GOAL OF THE EXERCISE:
Copy exactly the lines from the first line of the records below through the line containing "Vintage Sterling Silver", including both, and nothing else.

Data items

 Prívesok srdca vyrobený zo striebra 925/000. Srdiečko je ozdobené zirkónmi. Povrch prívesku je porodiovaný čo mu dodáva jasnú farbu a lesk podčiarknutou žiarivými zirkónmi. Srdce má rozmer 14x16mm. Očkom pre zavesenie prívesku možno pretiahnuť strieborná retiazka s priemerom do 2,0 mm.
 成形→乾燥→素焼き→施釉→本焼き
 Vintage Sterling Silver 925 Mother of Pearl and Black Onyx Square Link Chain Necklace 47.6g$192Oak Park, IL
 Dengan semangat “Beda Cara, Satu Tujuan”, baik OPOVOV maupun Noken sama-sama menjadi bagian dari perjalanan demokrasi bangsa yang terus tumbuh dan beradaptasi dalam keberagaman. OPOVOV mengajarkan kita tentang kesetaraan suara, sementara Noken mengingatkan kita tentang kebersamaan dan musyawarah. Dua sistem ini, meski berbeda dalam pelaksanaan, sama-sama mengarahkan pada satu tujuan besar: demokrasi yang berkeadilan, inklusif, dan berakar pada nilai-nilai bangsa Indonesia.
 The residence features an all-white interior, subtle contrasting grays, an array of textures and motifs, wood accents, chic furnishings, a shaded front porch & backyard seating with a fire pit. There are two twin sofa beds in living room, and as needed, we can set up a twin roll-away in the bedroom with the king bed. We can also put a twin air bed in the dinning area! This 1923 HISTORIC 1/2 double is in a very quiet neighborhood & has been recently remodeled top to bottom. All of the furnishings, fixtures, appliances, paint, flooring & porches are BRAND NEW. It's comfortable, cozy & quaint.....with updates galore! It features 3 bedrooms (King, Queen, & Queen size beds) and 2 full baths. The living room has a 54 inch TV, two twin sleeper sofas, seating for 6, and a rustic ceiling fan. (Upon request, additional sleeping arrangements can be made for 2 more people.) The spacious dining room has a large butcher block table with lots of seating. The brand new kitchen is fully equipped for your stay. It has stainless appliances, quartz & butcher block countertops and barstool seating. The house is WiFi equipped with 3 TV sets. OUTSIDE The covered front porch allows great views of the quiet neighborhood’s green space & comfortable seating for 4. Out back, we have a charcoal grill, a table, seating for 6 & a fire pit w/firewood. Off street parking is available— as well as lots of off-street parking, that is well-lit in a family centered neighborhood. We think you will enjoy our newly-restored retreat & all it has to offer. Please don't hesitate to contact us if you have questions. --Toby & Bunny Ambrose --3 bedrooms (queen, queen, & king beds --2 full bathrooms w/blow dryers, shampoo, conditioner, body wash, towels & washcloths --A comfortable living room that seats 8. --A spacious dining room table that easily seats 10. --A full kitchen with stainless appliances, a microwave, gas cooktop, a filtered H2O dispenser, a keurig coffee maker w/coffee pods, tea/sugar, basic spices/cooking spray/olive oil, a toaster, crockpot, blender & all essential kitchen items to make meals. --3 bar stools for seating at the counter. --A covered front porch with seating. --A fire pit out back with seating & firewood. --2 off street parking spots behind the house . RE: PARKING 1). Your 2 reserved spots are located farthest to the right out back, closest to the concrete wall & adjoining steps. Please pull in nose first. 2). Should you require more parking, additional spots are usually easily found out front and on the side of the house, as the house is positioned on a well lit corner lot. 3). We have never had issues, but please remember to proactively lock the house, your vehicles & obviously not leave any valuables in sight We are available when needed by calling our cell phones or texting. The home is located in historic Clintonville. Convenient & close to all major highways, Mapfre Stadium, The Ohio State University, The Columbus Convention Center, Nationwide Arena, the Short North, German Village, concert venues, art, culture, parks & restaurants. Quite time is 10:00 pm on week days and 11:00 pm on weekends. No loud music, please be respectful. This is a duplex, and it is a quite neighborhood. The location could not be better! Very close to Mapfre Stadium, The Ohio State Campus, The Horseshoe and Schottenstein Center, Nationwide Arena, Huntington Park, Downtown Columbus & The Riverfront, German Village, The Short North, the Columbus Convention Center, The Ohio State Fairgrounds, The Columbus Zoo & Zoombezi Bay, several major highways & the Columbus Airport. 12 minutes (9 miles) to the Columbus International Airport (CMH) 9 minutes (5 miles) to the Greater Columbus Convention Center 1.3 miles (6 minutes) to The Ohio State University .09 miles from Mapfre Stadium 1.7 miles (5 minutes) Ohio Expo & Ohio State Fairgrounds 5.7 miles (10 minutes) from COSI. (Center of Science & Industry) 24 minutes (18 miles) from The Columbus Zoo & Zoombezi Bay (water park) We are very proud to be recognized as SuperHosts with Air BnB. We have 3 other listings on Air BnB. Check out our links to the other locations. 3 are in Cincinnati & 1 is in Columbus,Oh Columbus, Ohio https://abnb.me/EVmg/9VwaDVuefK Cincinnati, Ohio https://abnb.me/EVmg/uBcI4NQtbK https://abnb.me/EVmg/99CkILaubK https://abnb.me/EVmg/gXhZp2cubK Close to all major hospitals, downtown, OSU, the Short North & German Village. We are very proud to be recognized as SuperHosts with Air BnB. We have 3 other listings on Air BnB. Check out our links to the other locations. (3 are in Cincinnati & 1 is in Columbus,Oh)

SOLUTION:
 Prívesok srdca vyrobený zo striebra 925/000. Srdiečko je ozdobené zirkónmi. Povrch prívesku je porodiovaný čo mu dodáva jasnú farbu a lesk podčiarknutou žiarivými zirkónmi. Srdce má rozmer 14x16mm. Očkom pre zavesenie prívesku možno pretiahnuť strieborná retiazka s priemerom do 2,0 mm.
 成形→乾燥→素焼き→施釉→本焼き
 Vintage Sterling Silver 925 Mother of Pearl and Black Onyx Square Link Chain Necklace 47.6g$192Oak Park, IL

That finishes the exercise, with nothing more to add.